Single by Yelawolf featuring Lil Jon

from the album Radioactive
- Released: August 8, 2011
- Recorded: PatchWerk Recording Studios (Atlanta, Georgia)
- Genre: Hip hop
- Length: 3:24
- Label: Shady; Ghet-O-Vision, DGC; Interscope;
- Songwriters: Michael Wayne Atha; Alex Cartagena; Jonathan Smith; Lowell Grant; Michael Jackson;
- Producer: Tha Hydrox

Yelawolf singles chronology
| "Worldwide Choppers" (2011) | "Hard White (Up In the Club)" (2011) | "Let's Roll" (2011) |

Lil Jon singles chronology
| "Turbulence" (2011) | "Hard White (Up in the Club)" (2011) | "Turn Down for What" (2013) |

= Hard White (Up in the Club) =

2011 single by Yelawolf

"Hard White (Up In the Club)" is the lead single from Yelawolf's debut studio album Radioactive.
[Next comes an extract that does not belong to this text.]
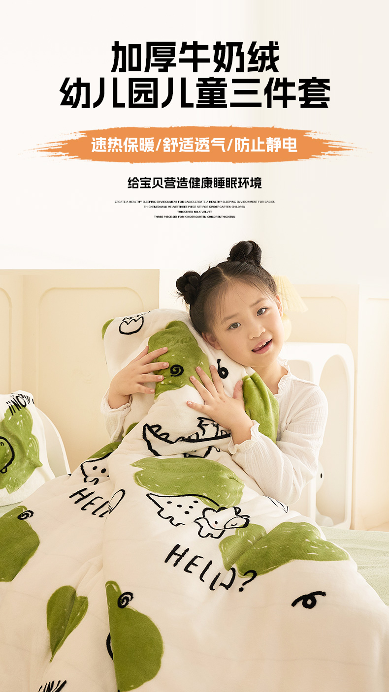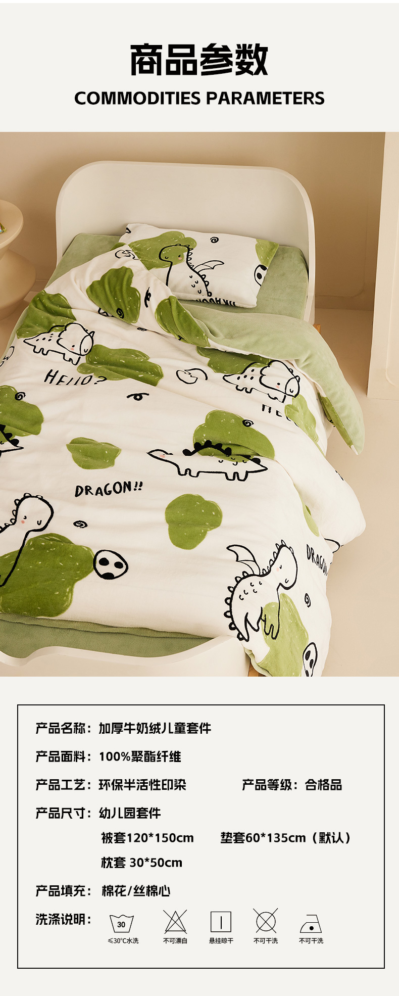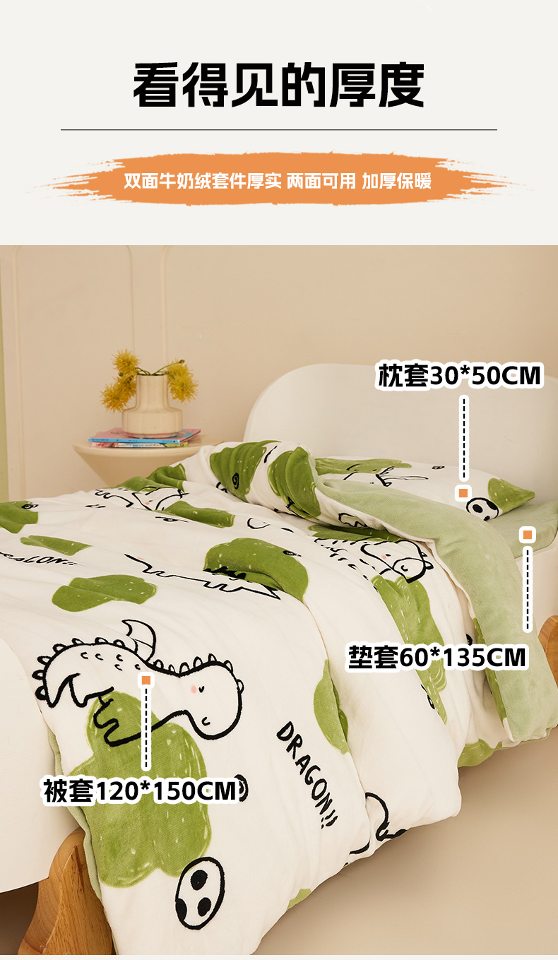 当前位置: 91家纺网 > 商品网购 > 床品套件 > 三件套 > 嗨生活 2025新款加厚牛奶绒三件套儿童套件幼儿园三件套系列 呆萌恐龙

The song features a chorus by fellow rapper Lil Jon. The song was leaked just days before the official release. Though it was released officially on August 8, 2011 the song was available on Yelawolf's official website.

==Background==
The first single of Radioactive was supposed to be "Gangsta of Love" which featured an outro speech by Cyhi Da Prynce and production from Jim Jonsin, but was not officially released by Yelawolf because it was leaked. On July 7, Yelawolf announced that the song would not make the final cut on the album.

The song was recorded at PatchWerk Recording Studios in Atlanta, Georgia, with Kawan "KP" Prather and Yelawolf's manager Jeremy "J Dot" Jones, production was handled by Orlando, Florida based production team Tha Hydrox, while the chorus features vocals by rapper Lil Jon.

The music video for the song was directed by Motion Family, filmed in Atlanta, Georgia at 1260 Custer Avenue during August 26. On September 20 it was released through VEVO. Fellow rappers Rittz, Shawty Fatt and Trouble make cameo appearances in the music video.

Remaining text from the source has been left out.